_Goal of the exercise_:
Set the material down again exactly, line by line, skipping each picture.

_Given data_:

====

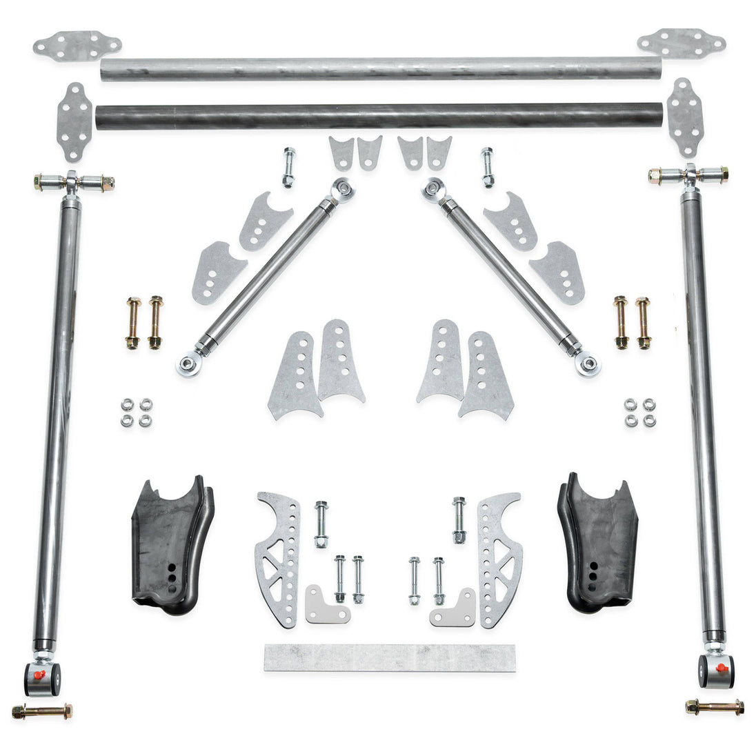 Rear 4-Link Triangulated No Shocks Suspension Handling Kit - 4-Link System - Brackets / Crossmember / Coil-Over Crossmember / Hardware / Trailing Arms - Steel - Natural - Kit
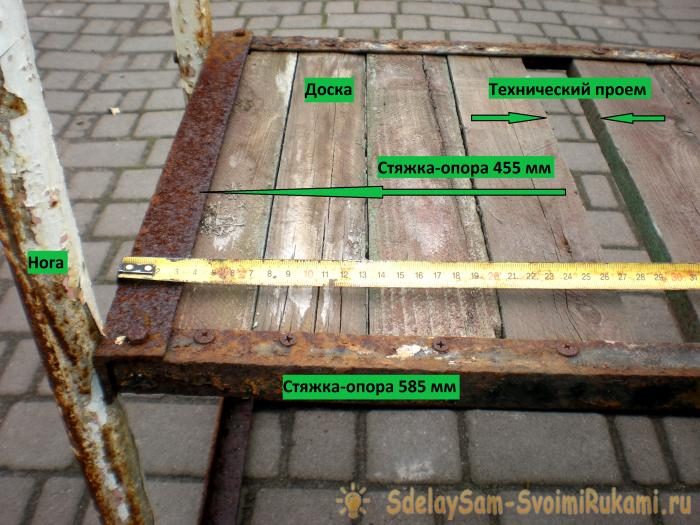 С обратной стороны стяжки-опоры на 585 мм просверлите отверстия для крепления доски.
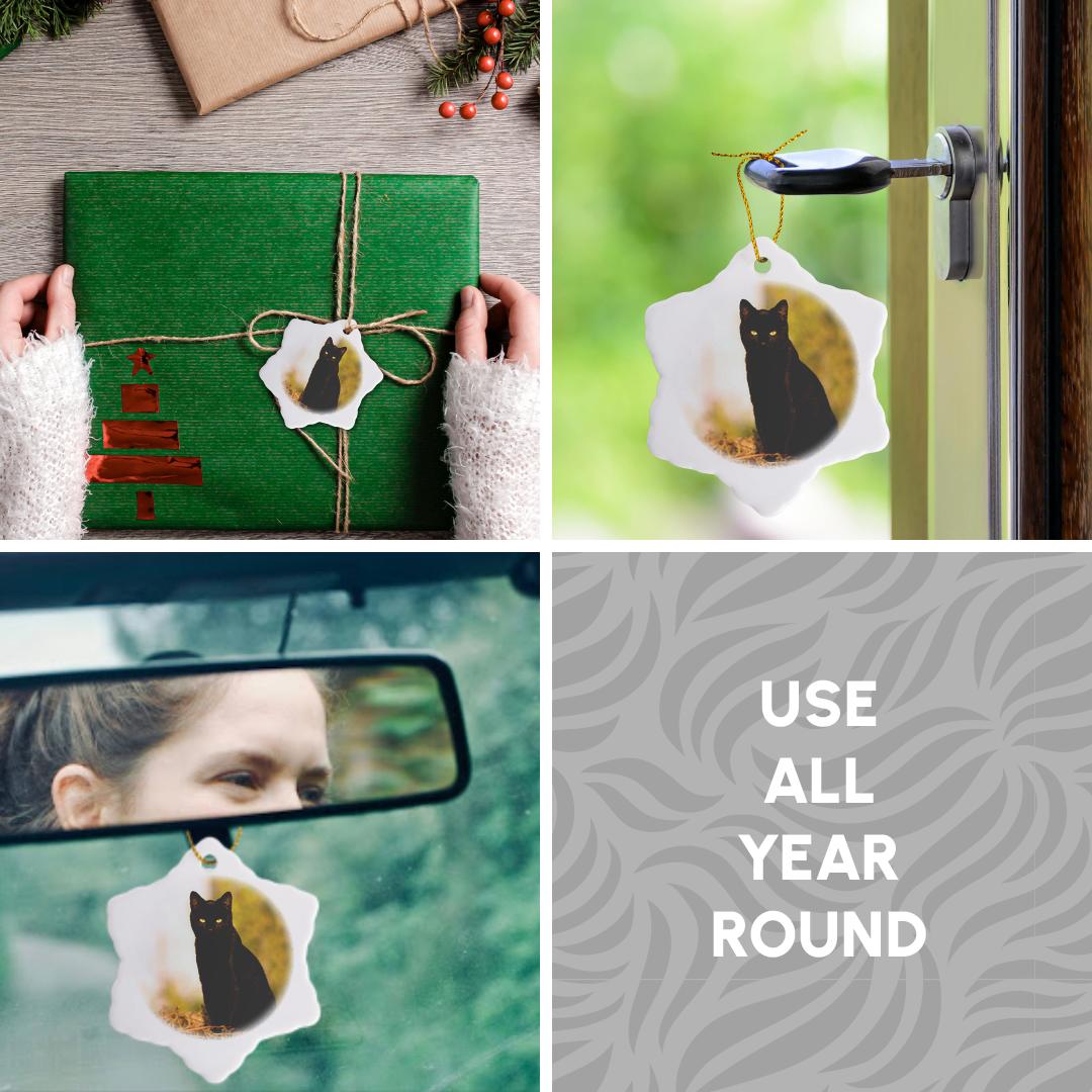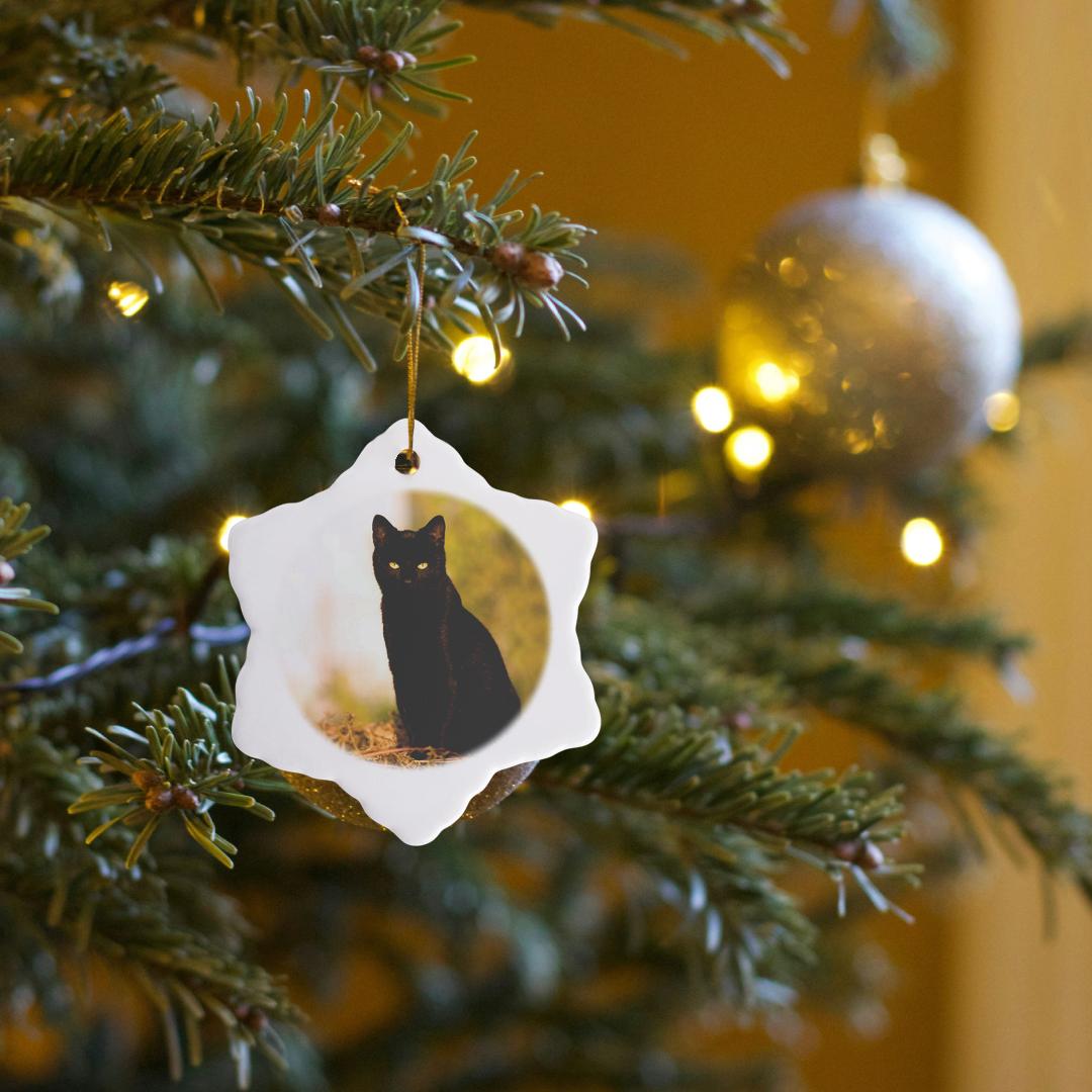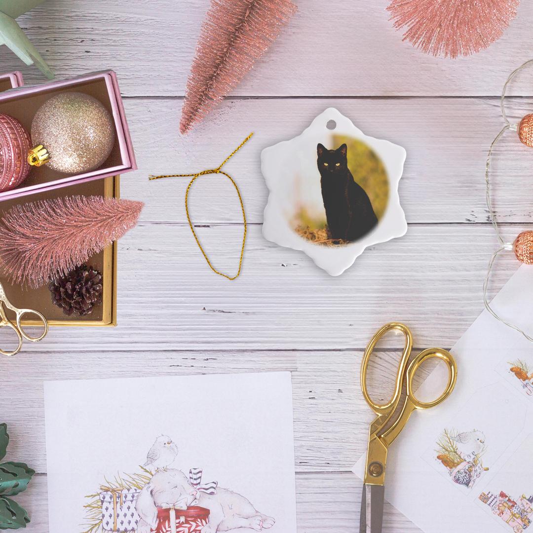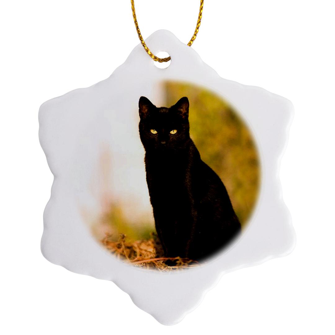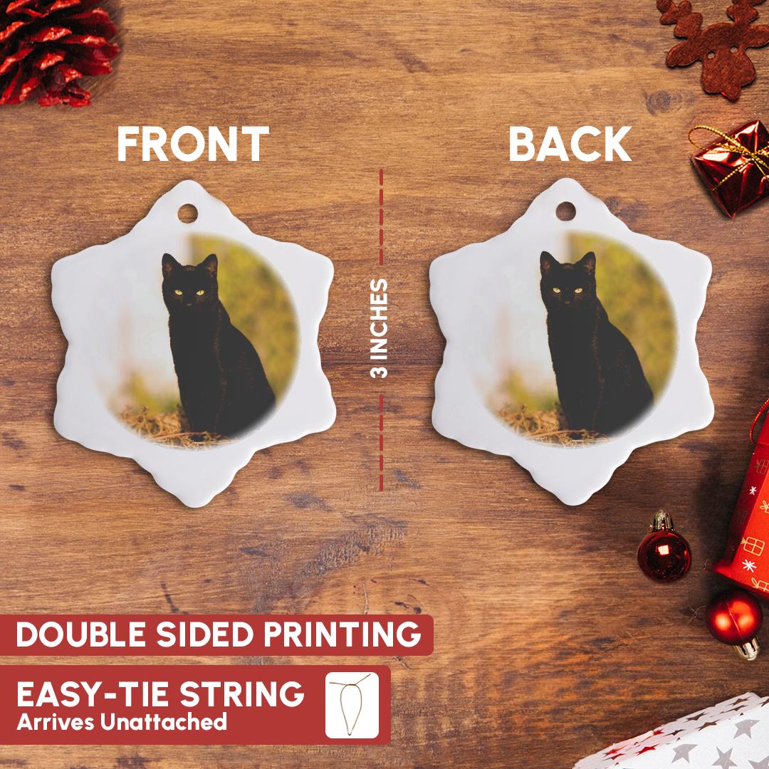 Black Cat Ornament is a perfect addition to your tree or as a window decoration. This glossy porcelain ornament is a great gift for family and friends, commemorating each holiday or special occasion. Image printed on both sides; measures 3 inches. A strand of gold thread makes it easy to display this fantastic keepsake.

====

_Written answer_:
 Rear 4-Link Triangulated No Shocks Suspension Handling Kit - 4-Link System - Brackets / Crossmember / Coil-Over Crossmember / Hardware / Trailing Arms - Steel - Natural - Kit
 С обратной стороны стяжки-опоры на 585 мм просверлите отверстия для крепления доски.
 Black Cat Ornament is a perfect addition to your tree or as a window decoration. This glossy porcelain ornament is a great gift for family and friends, commemorating each holiday or special occasion. Image printed on both sides; measures 3 inches. A strand of gold thread makes it easy to display this fantastic keepsake.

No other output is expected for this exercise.